Families raise funds in their children’s honor to advance chordoma research
Two families who know all too well what it is like to lose a child to chordoma are doing what they can to help spare other families from a similar fate. In November, the Nemelkas and the Vances held a series of fundraising events to raise money and awareness for the Chordoma Foundation.
The two Utah families met in 2009 when seven-year-old Jared Vance was diagnosed with chordoma and a friend connected them with the Nemelkas, who were themselves battling chordoma with their daughter Anna, diagnosed at age three. Christy and Joe Nemelka helped guide Jaime and Andrew Vance to the best doctors and resources, and the two families grew close as they supported each other through this journey. Unfortunately, both Anna and Jared ultimately lost their battles.
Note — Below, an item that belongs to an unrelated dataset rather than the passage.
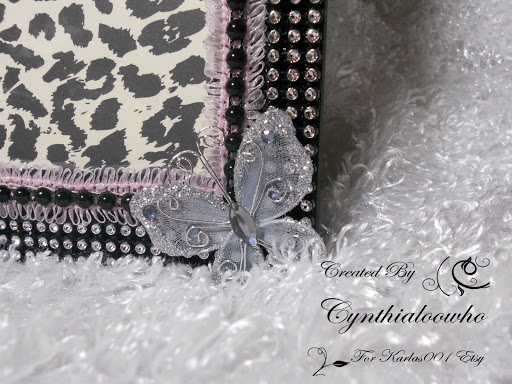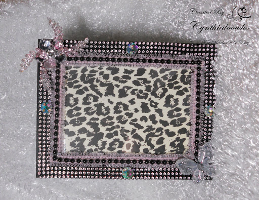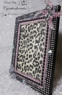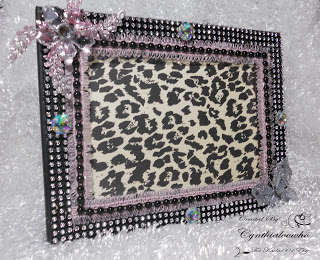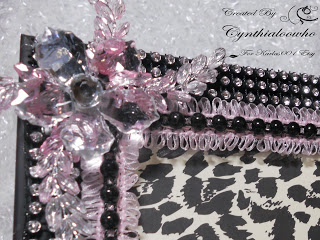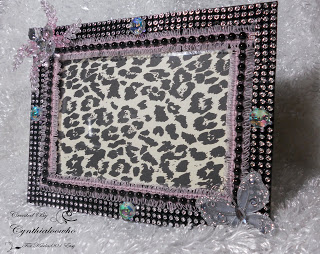 Here is a photo frame I altered for a swap on A Lil Scrap of Heaven, I used products from Karlas001 and had so much fun making this. I started out with a plain wooden frame, painted it with black gesso. Then I added Blingy Looking Black Mesh, then added Loopy Pink Trim. I also added some Black Flat Black Pearls, a Medium Size Silver Butterfly, some Wheat Pink Spray/Leaves, and finished it off with some beautiful Iridescent Bling Embellishments.

At the funerals and in the years since, the couples have been there to comfort each other and provide a source of strength through the grieving process.
This fall, over dinner with Chordoma Foundation Executive Director Josh Sommer in Salt Lake City, the two families pledged to raise $25,000 to fund a seed grant for chordoma research.
Joe Nemelka, who has been racing pigeons as a hobby since he was a child, decided to auction off two of his prized racing birds. “While it is too late to be able to affect our daughter’s life, our family is making the effort over this holiday season to raise money to help find a cure for those who may be diagnosed in the future [with] this dreaded disease,” Joe wrote on the pigeon auction website, noting that all proceeds would go to the Chordoma Foundation.
The pigeon racing community was so moved by Joe’s story that donations flew in; another racer even offered to auction one of his own birds for the cause. The Nemelkas also held a successful mail campaign that raised additional donations from friends and family. Their four other children even asked their grandparents to donate to the Chordoma Foundation as their sole Christmas gifts this year.
Meanwhile, the Vances decided to organize a 5K race in Jared’s memory. Over Thanksgiving weekend – the anniversary of Jared’s passing – nearly 100 friends and family members participated in the bittersweet event, running and walking along a course that weaved through the Vance’s neighborhood north of Salt Lake City, past some of Jared’s favorite places as well as the site where he is buried. Neighbors donated signs and banners, and the “JV Team” sold t-shirts proclaiming “fighting chordoma, one step at a time.” Through the event, family and friends contributed thousands of dollars to the Chordoma Foundation.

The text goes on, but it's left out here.